Today’s modern processors have many different types of memory accesses. For example the latency of an L1 cache hit is vastly different from the latency of an access that misses all of your memory caches and needs to access DRAM. In addition there are also some additional complexities brought about by NUMA architectures.

Intel® VTune™ Amplifier is a performance profiler that now has the many features you can use to analyze memory accesses, these features are contained in the new “Memory Access” analysis type. Using this new analysis type you can:

  1. Detect performance problems by memory hierarchy (e.g., L1-, L2-, LLC-, DRAM-bound)
  2. Track memory objects and attribute the latency these objects cause to their appropriate code and data structures.
  3. Analyze Bandwidth-limited accesses (including DRAM and Intel® QuickPath Interconnect [Intel® QPI] bandwidth) and quickly see graphs and histograms of your DRAM and QPI that show you bandwidth over the timeline of your program.
  4. Identify NUMA related issues contributing to performance problems

This article will present an overview of the new “Memory Access” feature and will also show several tough memory problems that demonstrate how this feature can be used to greatly increase an applications performance.

Overview

To access VTune Amplifier’s memory access feature, click on the new “Memory Access” analysis type and click start.

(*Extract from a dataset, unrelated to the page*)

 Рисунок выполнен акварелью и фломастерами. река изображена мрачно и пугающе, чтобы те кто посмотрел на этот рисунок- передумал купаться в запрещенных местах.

View Bandwidth Utilization

You can also see how effective your DRAM and QPI bandwidth is being utilized (Figure 13). You need to be concerned about high bandwidth utilization. To help fix this you can find the places in your code contributing to bandwidth. (Figure 14)


Figure 13. Bandwidth histogram

View Memory Objects Inducing Bandwidth

Identify the code source and memory objects that are inducing bandwidth. Grouping by the Bandwidth Domain allows you to identify memory objects that are contributing most to your memory bandwidth (Figure 14). You can see the sections of code that have more DRAM issues, QPI issues, etc.


Figure 14. Memory bandwidth

Graph Memory Bandwidth over the Lifetime of Your Application

Your memory bandwidth will generally vary as your program runs. By viewing the bandwidth in a graph that shows your Read/Write Bandwidth in GB/Sec you can see where in your application spikes in memory usage and target the section of your application where the extra memory usage occurs. You can then filter by selecting the area in the timeline where the spike was occurring and see only the code that was active during that time.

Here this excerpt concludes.